Massimo Ranieri, il mio Metello Cinquant’anni di un film-culto

L’artista ricorda l’incontro con Vasco Pratolini: "Un omino piccolo, osservatore e silenzioso" "Uomini così idealisti non esistono più: il personaggio mi ha sempre ricordato mio padre"

di Titti Giuliani Foti

"Ho ancora in bocca il gusto della ribollita e di quella bistecca squisita, All’epoca non si mangiava tanto. E non erano tempi come quelli di oggi: poter assaporare squisitezze durante le pause del film al ristorante pareva un sogno". Massimo Ranieri, vuole ricordare i primi cinquant’anni di un film che ha fatto la storia del cinema neorealista: Metello di Mauro Bolognini, datato 1970, dal libro di Vasco Pratolini e con le musiche di Ennio Morricone.

Massimo, la prima cosa che le viene in mente di Metello?

"Aver avuto il privilergio di conoscere Vasco Pratolini, lo ricordo come se fosse ora. Era un uomo piccolo di statura, che stava lì a guardare in silenzio le riprese. Non diceva niente. Non brontolava e non sorrideva. Guardava. E stava fermo quasi in un angolo, pensavo che non volesse disturbare".

Massimo, a Firenze e sul set di un film così importane alla tenera età di 18 anni, nel suo primo ruolo da vero attore.

"Sì è così: mi commuove pensare, ricordare quei giorni e questo gigante della letteratura italiana, la cui presenza ha coinciso con molti cambiamenti della mia vita. Primo fra tutti, l’avvio al cinema. Era un periodo strano, allora avevo in testa solo “Rose rosse”, il mio disco di successo di quel momento e, diciamo la verità, la letteratura per me non esisteva. Ma il ruolo di Metello me lo sentii subito addosso".

E perchè secondo lei?

"Forse perchè magari ci fossero ancora uomini come Metello oggi. Uomini spinti dalla forza dell’ideologia: era intelligente e nello stesso tempo con un istinto che porta alla giustizia. Se ripenso a Metello so dal più profondo che l’ho sentito mio perchè mi ricordava mio padre, un operaio che lottava e lottava per il socialismo, per l’deologia del lavoro.
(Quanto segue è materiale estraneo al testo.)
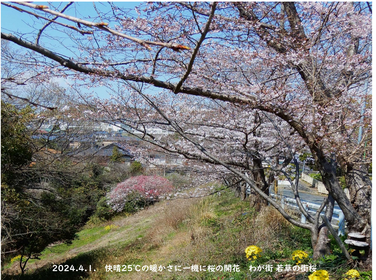
2024.4.1. 快晴25℃の暖かさに一機に桜の開花 わが街 若草の街桜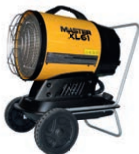
XL 61 CON CARRELLO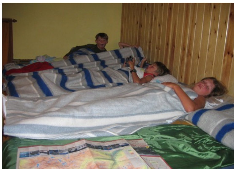
Overnachten in een berghut

Vanaf de hut neem je het pad omlaag. Bij de splitsing na ca. 5 minuten ga je rechtsaf richting Espot. De afdaling naar Espot duurt nog ongeveer 2 uur.

Se mi ci fai pensare ti dico che Pratolini per me in qualche modo è mio padre, perchè faceva parte di quella genìa lì. Uomini che non esistono più".

Come ebbe il ruolo?

"C’era Bolognini che cercava un ragazzino un po’ scugnizzo e ribelle e mi propose di farlo. Al mio fianco scelse la bellissima Ottavia Piccolo che per la sua interpretazone vinse anche un premio. Quando Bolognini mi comunicò che Metello sarei stato io, rimasi un po’ così. E’ che avevo 18 anni e che i mei studi non erano esattamente classici".

Ricorda una sensazione?

"L’imbarazzo di non conoscere Pratolini e la voglia di studiarlo per sentirmi all’altezza degli altri, e sapere tutto di lui. Ancora oggi sono molto grato e legato a Metello, mi capita di pensarci con amore. E tra le tante cose belle che mi ha lasciato, anche avermi fatto conoscere una città meravigliosa. Dopo quel film mi sono sentito sempre un po’ fiorentino: come adesso".